鄭: マンションの広告を見ても、設備の欄に言葉が多いこと多いこと。沢山書いてあると高級だ、と言わんばかりです。「よそが書いていれば、うちも書く」という感じで。昔は「2LDK南向き」で終わっていたはずなのに。
坂野: パソコンのスペックみたいな感覚でしょう。
鄭: そういう「キーワード」は建築家には馴染まないですね。
坂野: 「キーワード」ばかりを言いすぎる人には、それとは違うんだよ、というところから始める必要があります。こだわっている点はみんな違うんですが、その「キーワード」をゆがめながら設計するといいのかもしれません。
小林: 部分にとらわれている人に、こうだよって全体像を見せてあげるわけですか。
坂野: ええ、そうです。もうひとつは「キーワード」から発展して、新しい提案にもっていくかです。
鄭: 坂野さんは、お客さんの要望はよく聞く方ですか。
坂野: 聞く方だと思います。隈事務所にいた頃は公共建築ばかりやっていましたので、住宅の経験がなかったんです。だから、独立した後は手探りで、施主の要望をよく聞いてやってきました。
そのなかで、施主のタイプが二つに分けられることも気がつきました。 ひとつは「ハウスメーカーに何度もやらせたが、気に入らない」という人。こういう施主には、要望を網羅した良いプランをつくると決まりやすいです。はじめに施主から「ハウスメーカーだと、これだけのものしかできなかった」って言われると、チャレンジ心が出ます。
もうひとつは、そういう前段階がなにもないでやってくる人です。
鄭: 前者はプランの見方も知っているし、要望もクリアになっているんですね。
坂野: そう、でも後者は要望が漠然としていたり、整理されていなかったりします。そういう場合は、施主の要望を足したり引いたりして、提案していきます。要望自体を整理してあげる必要があるわけです。
いろいろなお客さんと接するようになって、同じ目線で設計するようになってきたということでしょう。
●「次」のこと
小林: 今までに、インターネットを使うことに関していろいろな経験をされたと思いますが、今後についてはどういうことを考えていますか?

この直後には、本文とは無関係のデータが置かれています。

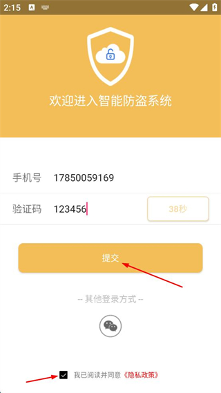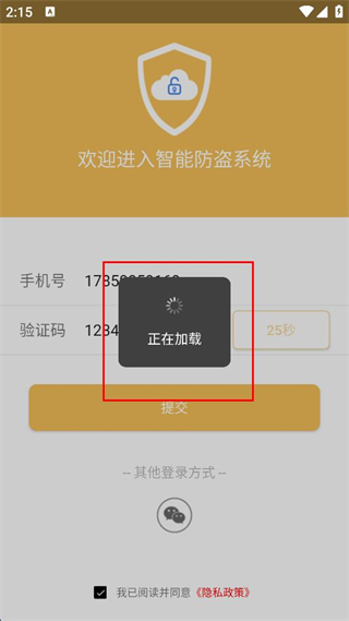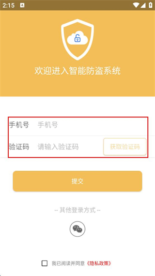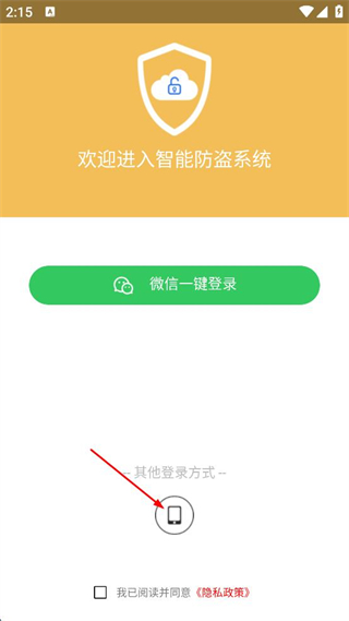 1、打開智能防盜系統(tǒng),點擊其他登錄方式下的手機圖標(biāo)。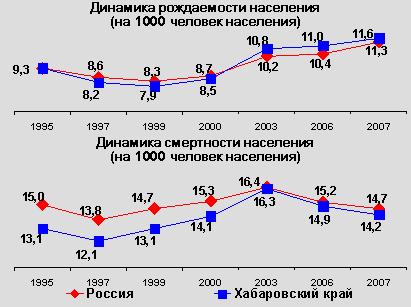 Продолжительность жизни населения Хабаровского края в 2006 году составила 63,67 лет, в России - 66,6 лет, в ДФО - 63,87 лет.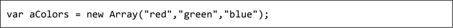 还可以使用字面量表示要创建的数组对象而不需调用数组的构造函数,即将一组元素值用逗号分隔放在方括号内。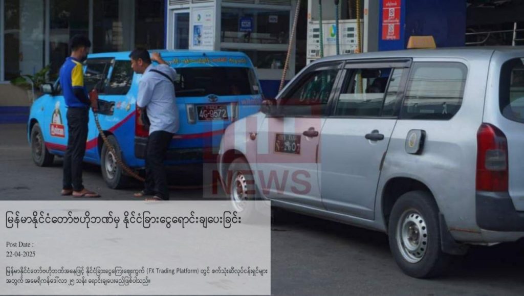 နိုင်ငံခြားငွေကြေးဈေးကွက် (FX Trading Platform) တွင် စက်သုံးဆီလုပ်ငန်းရှင်များအတွက် အမေရိကန်ဒေါ်လာ ၂၅ သန်း ရောင်းချပေးမည်ဖြစ်ကြောင်း မြန်မာနိုင်ငံတော်ဗဟိုဘဏ်က အသိပေးကြေညာထားသည်။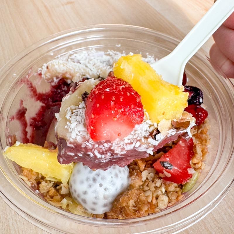 いちごやバナナ、ナツメなど数種類のフルーツと豆乳を合わせてできた贅沢なアサイーボウルは、まろやかでもったりとした舌触りが特徴。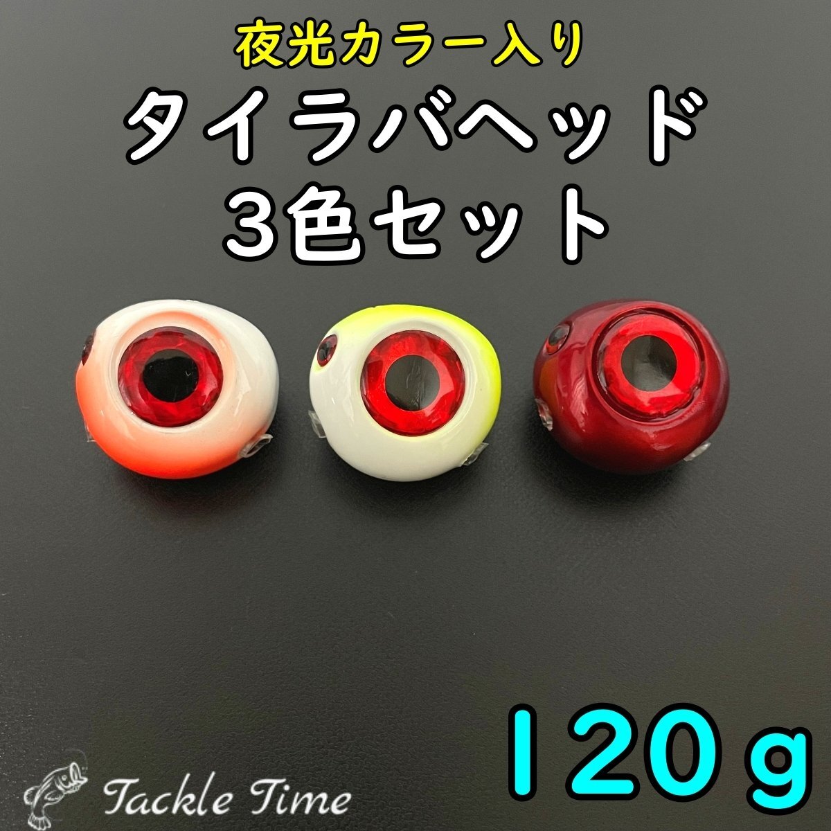 タイラバ 鯛ラバ ヘッド 120g 3色 セット グロー 夜光 遊動式 誘導式 マダイ 真鯛 青物 ヒラメ ショア オフショア 釣り 鉛 タックルタイム

坂野: そうですね、とにかく「次」のことを考えてはいます。 まずは仕事をとらなければならかったので、その方法論を確立したいと思っていました。でも、そういう段階はある程度クリアしたのかなと。だから、新しい挑戦をする必要があるのかも知れません。 例えば、ホームページが「カッコよくない」ってことは、建築家としてはリスキーだとも思うので、もう少し敷居を上げるようなこともしようかと思っています。写真を最初にみせるとか…。
鄭: すると、そろそろ次の段階が見えてきているわけですね。
坂野: まだ見えてはいないですね。でも「次」に行かなきゃと思いっています。
柿ピーと、チェ・ジウが好きという坂野さん。建築家がまず直面する重要なテーマに真っ向から取組んで来た姿勢は、逆に新鮮でした。
建築家と施主の関係も設計の対象だという主張には、多くの建築家が耳を傾ける必要があるでしょう。
やはり、坂野さんの「次」も期待大です。